Saved data entries:

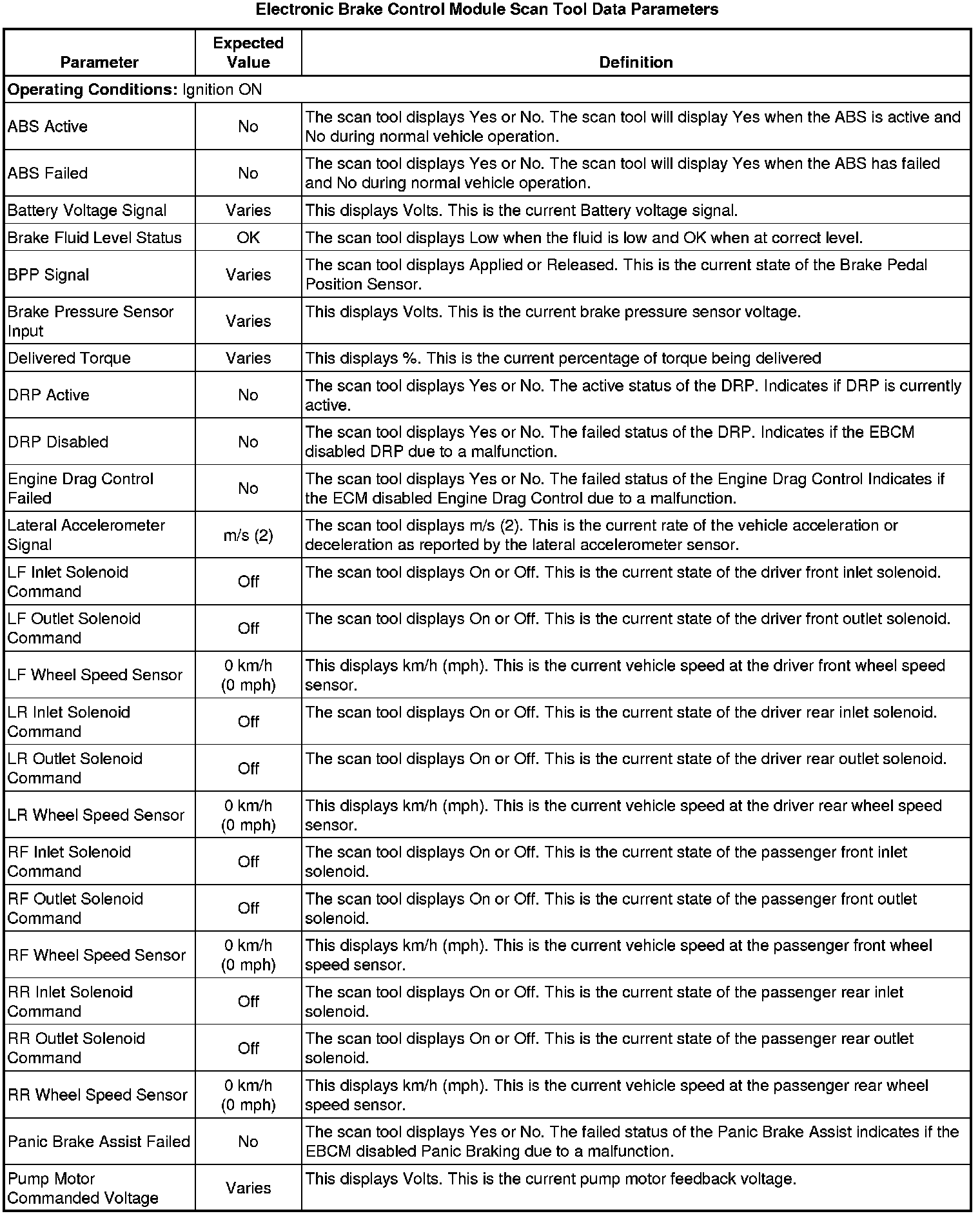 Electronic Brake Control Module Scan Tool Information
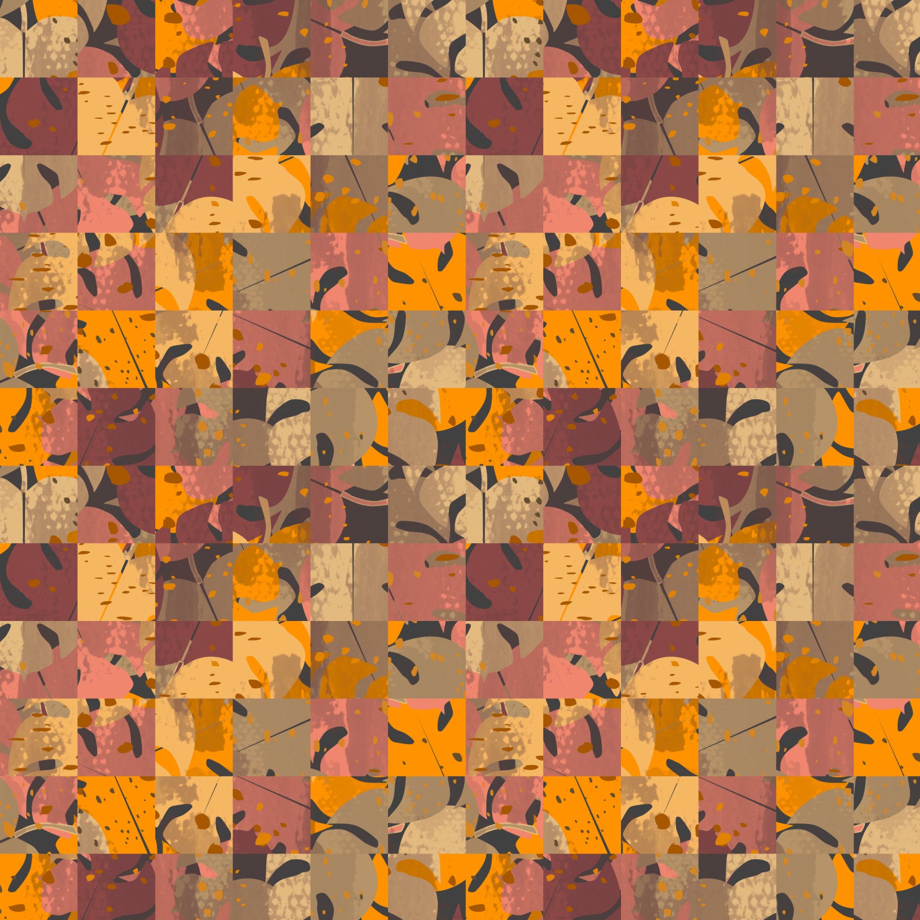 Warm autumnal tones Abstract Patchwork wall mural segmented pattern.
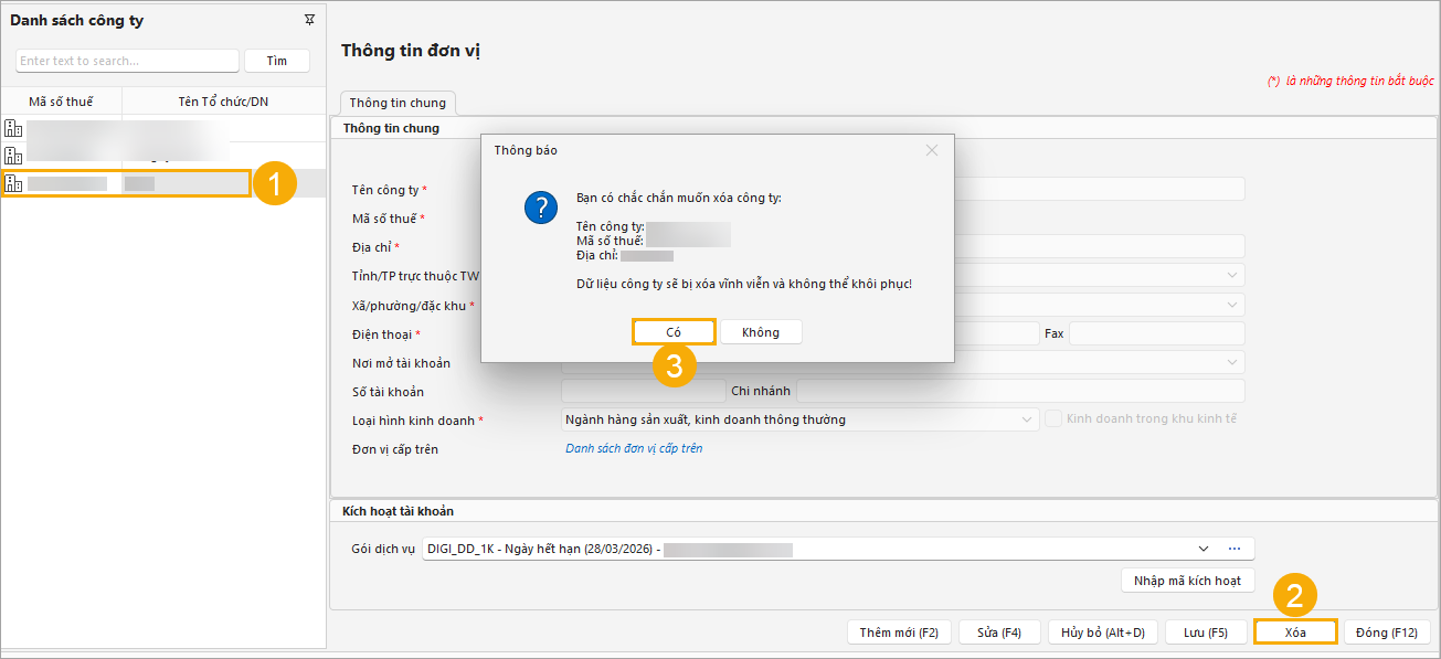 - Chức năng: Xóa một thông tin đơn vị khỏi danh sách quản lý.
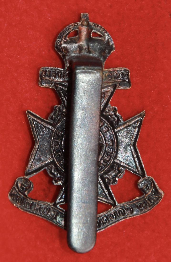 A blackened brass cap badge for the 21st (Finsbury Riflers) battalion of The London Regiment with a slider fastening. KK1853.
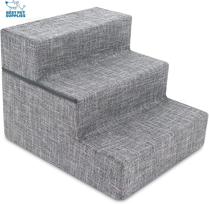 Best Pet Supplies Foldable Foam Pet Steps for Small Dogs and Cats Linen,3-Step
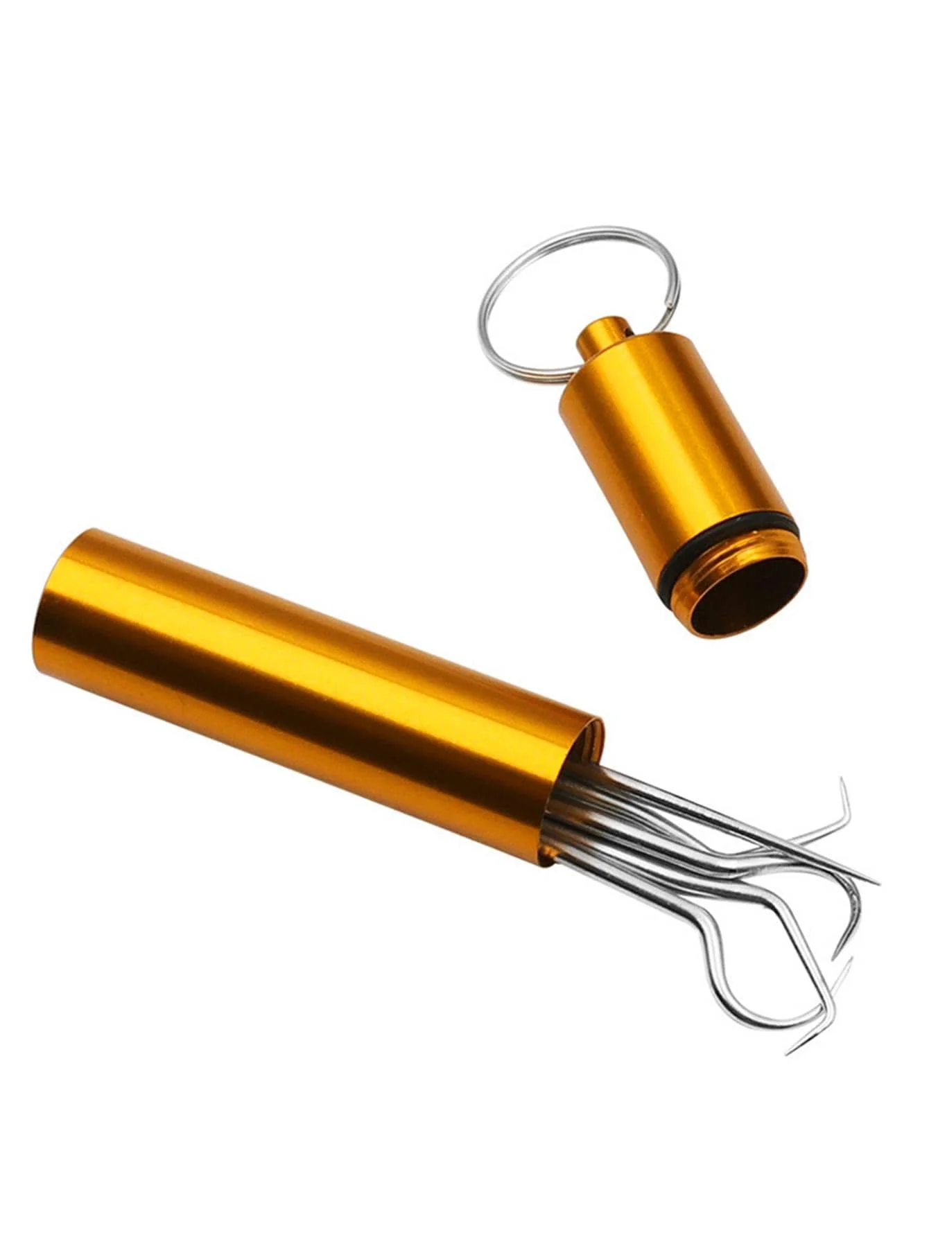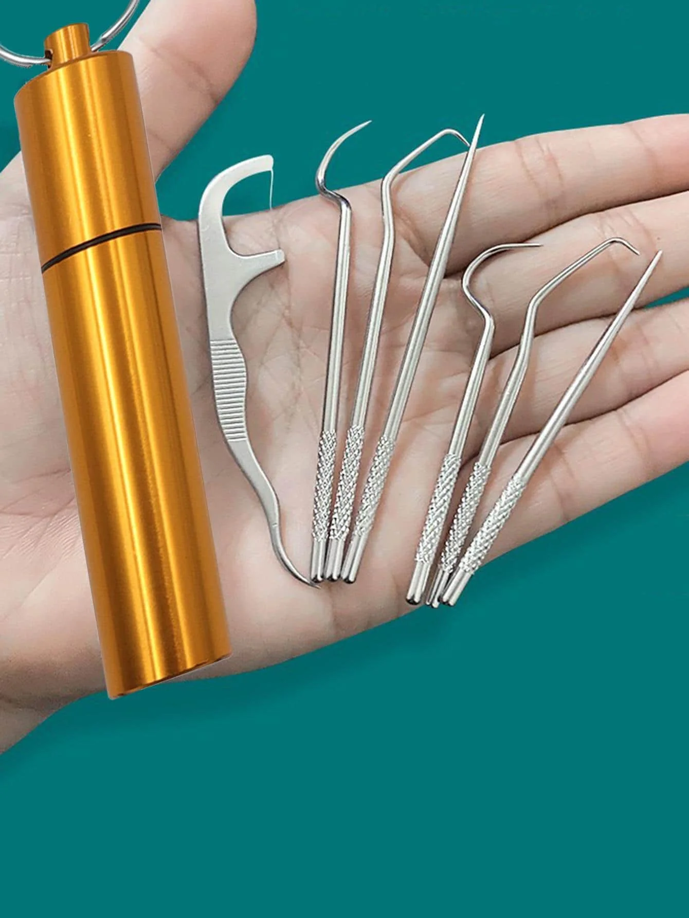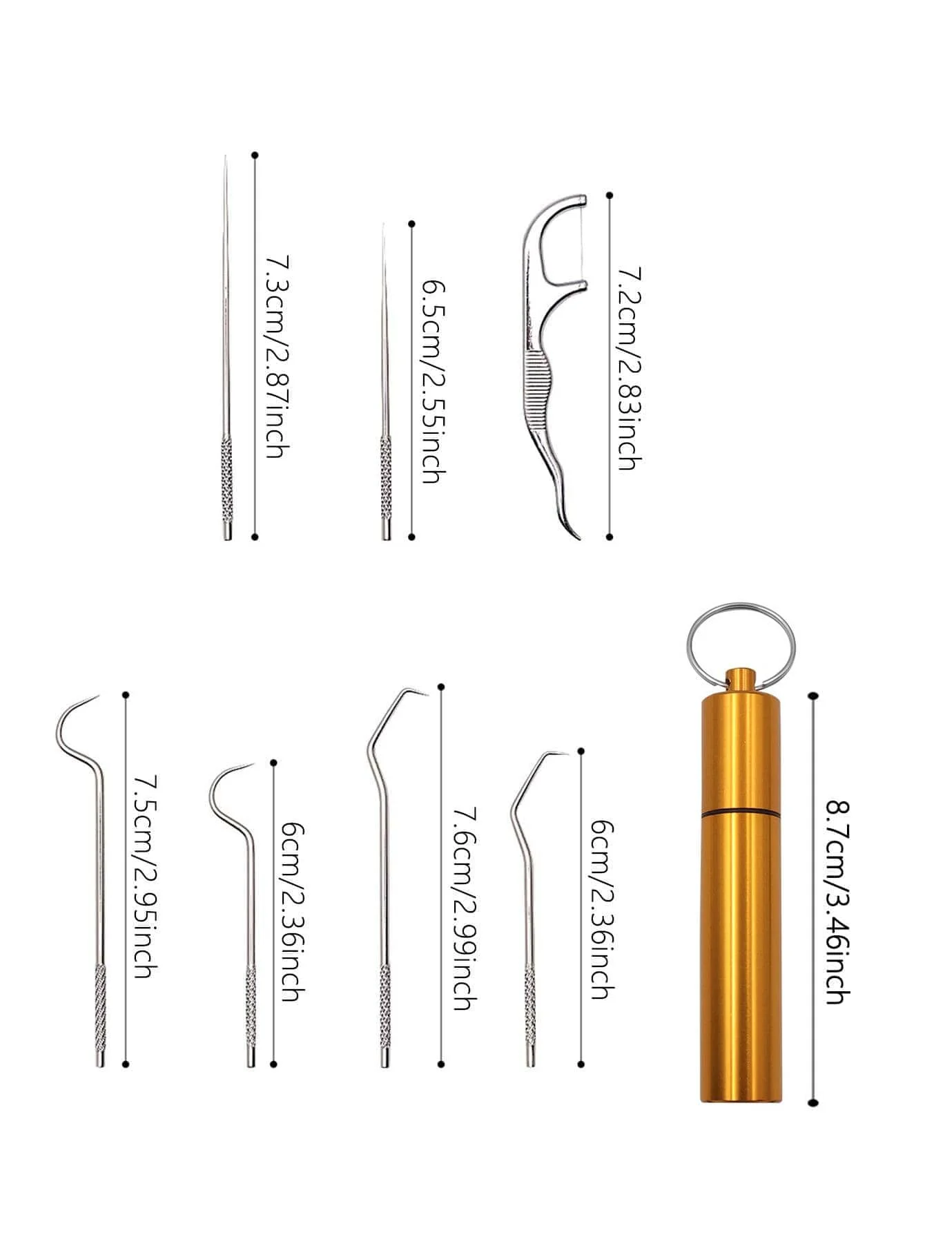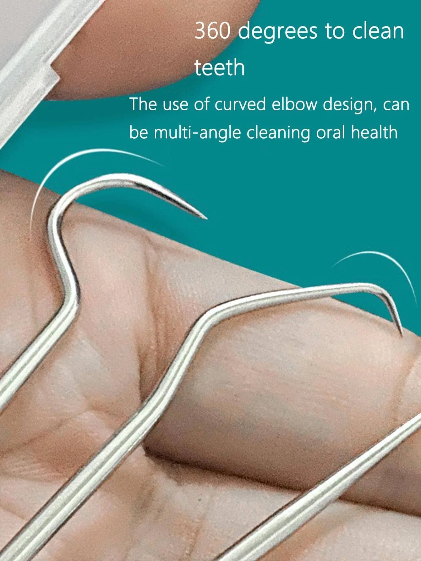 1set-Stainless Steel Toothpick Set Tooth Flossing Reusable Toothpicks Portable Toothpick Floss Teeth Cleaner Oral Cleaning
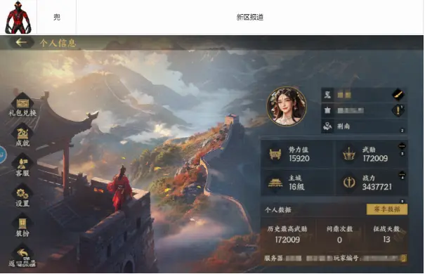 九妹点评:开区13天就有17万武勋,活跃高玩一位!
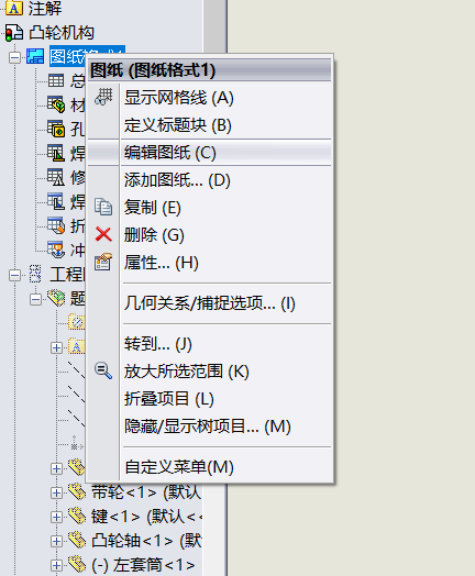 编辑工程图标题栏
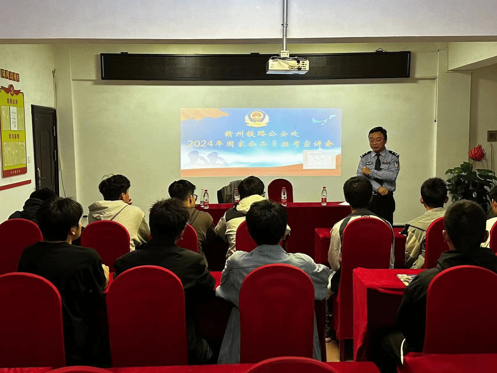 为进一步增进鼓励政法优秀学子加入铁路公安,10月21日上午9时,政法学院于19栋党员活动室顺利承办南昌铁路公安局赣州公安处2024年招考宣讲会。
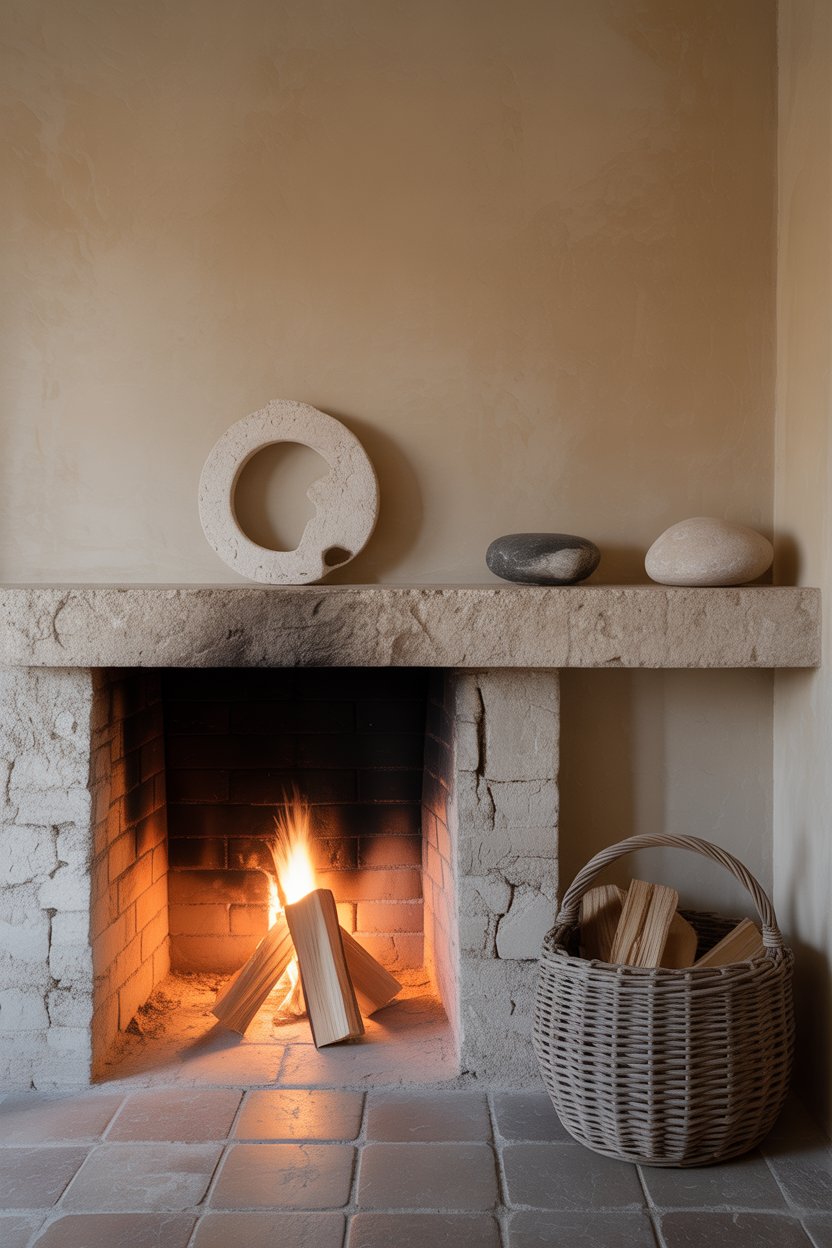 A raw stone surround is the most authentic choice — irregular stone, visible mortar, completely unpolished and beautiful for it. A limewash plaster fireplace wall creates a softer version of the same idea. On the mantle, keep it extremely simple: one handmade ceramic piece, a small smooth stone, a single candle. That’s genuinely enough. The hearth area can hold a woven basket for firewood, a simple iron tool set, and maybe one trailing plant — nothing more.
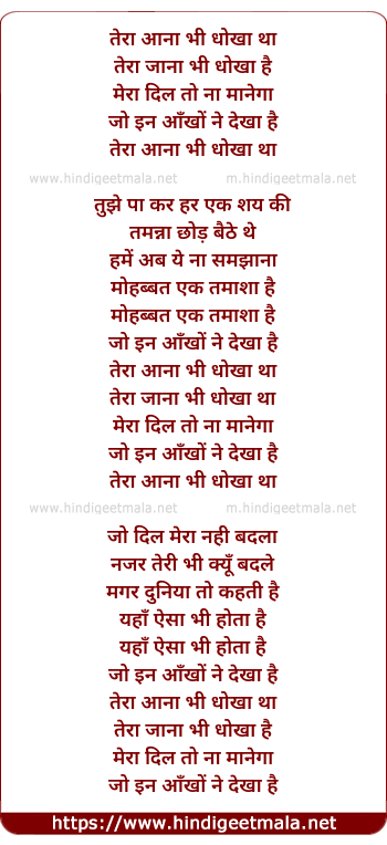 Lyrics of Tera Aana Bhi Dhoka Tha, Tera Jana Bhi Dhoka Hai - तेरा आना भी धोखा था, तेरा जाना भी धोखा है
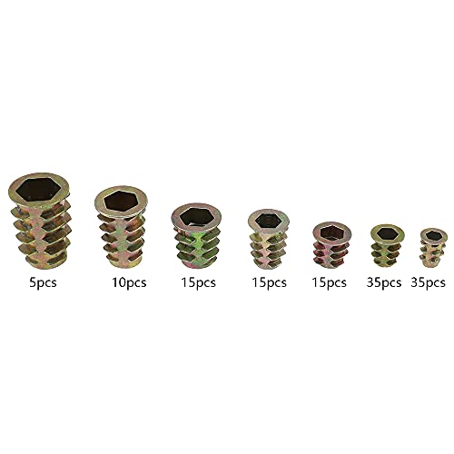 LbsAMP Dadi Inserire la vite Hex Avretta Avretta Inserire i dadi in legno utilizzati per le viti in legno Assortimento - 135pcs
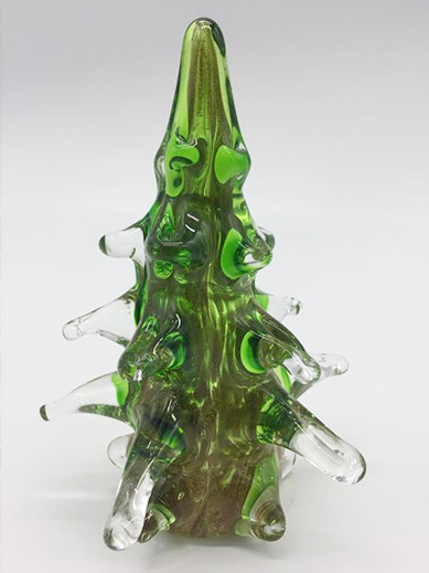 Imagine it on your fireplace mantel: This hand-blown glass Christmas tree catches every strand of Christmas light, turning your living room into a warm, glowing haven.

Exercise description =>
Leave out all pictures and retype precisely the lines that run from the line containing "LbsAMP Dadi Inserire" to the last line of the records.

Solution to the problem =>
 LbsAMP Dadi Inserire la vite Hex Avretta Avretta Inserire i dadi in legno utilizzati per le viti in legno Assortimento - 135pcs
 Imagine it on your fireplace mantel: This hand-blown glass Christmas tree catches every strand of Christmas light, turning your living room into a warm, glowing haven.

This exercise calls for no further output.